DATA SHOWN
╭──

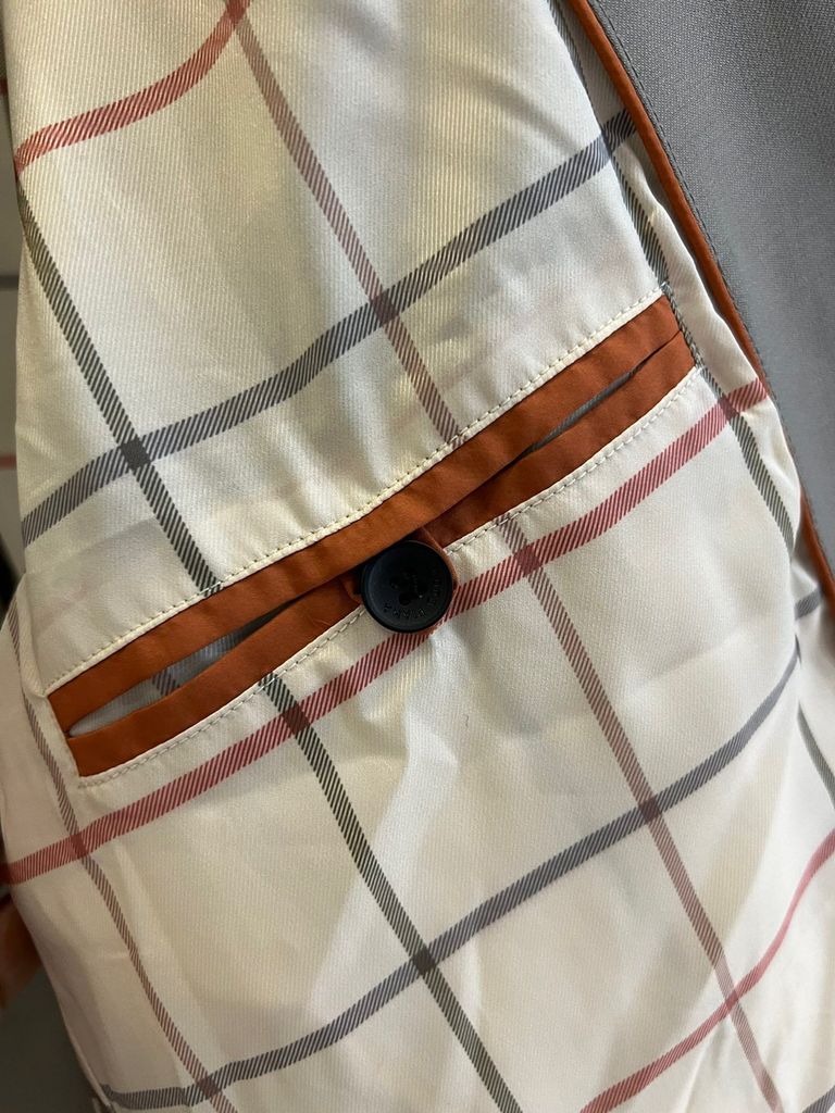 • Lót caro tinh tế phối viền nâu nổi bật, chi tiết hoàn thiện tỉ mỉ
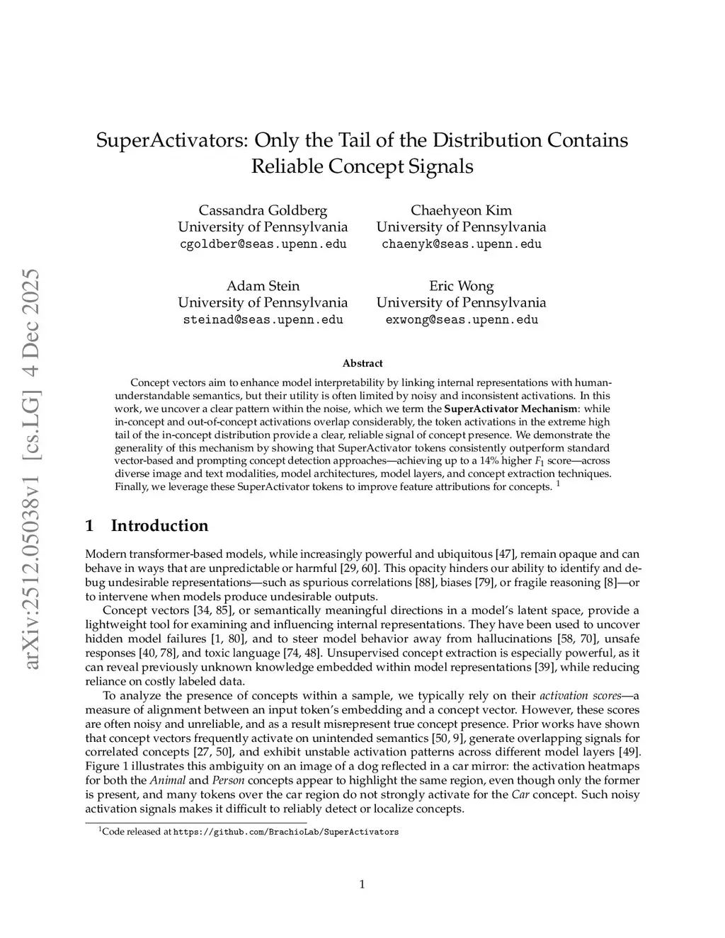 Concept vectors aim to enhance model interpretability by linking internal representations with human-understandable semantics, but their utility is often limited by noisy and inconsistent activations. In this work, we uncover a clear pattern within the noise, which we term the SuperActivator Mechanism: while in-concept and out-of-concept activations overlap considerably, the token activations in the extreme high tail of the in-concept distribution provide a reliable signal of concept presence. We demonstrate the generality of this mechanism by showing that SuperActivator tokens consistently outperform standard vector-based and prompting concept detection approaches, achieving up to a 14% higher F1 score across image and text modalities, model architectures, model layers, and concept extraction techniques. Finally, we leverage SuperActivator tokens to improve feature attributions for concepts.
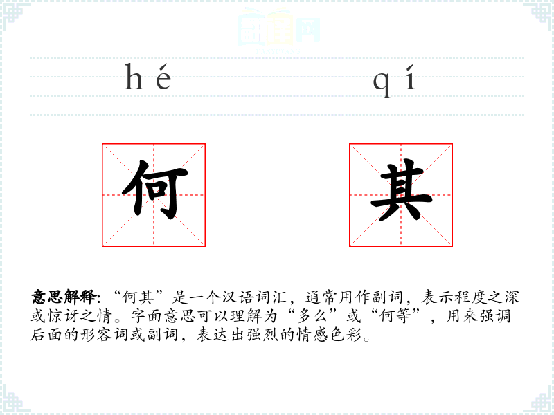“何其”是一个汉语词汇,通常用作副词,表示程度之深或惊讶之情。字面意思可以理解为“多么”或“何等”,用来强调后面的形容词或副词,表达出强烈的情感色彩。

╰──

PROBLEM REQUIREMENTS
Print the full listing again exactly, and drop every image from it.

ANSWER BOX
 • Lót caro tinh tế phối viền nâu nổi bật, chi tiết hoàn thiện tỉ mỉ
 Concept vectors aim to enhance model interpretability by linking internal representations with human-understandable semantics, but their utility is often limited by noisy and inconsistent activations. In this work, we uncover a clear pattern within the noise, which we term the SuperActivator Mechanism: while in-concept and out-of-concept activations overlap considerably, the token activations in the extreme high tail of the in-concept distribution provide a reliable signal of concept presence. We demonstrate the generality of this mechanism by showing that SuperActivator tokens consistently outperform standard vector-based and prompting concept detection approaches, achieving up to a 14% higher F1 score across image and text modalities, model architectures, model layers, and concept extraction techniques. Finally, we leverage SuperActivator tokens to improve feature attributions for concepts.
“何其”是一个汉语词汇,通常用作副词,表示程度之深或惊讶之情。字面意思可以理解为“多么”或“何等”,用来强调后面的形容词或副词,表达出强烈的情感色彩。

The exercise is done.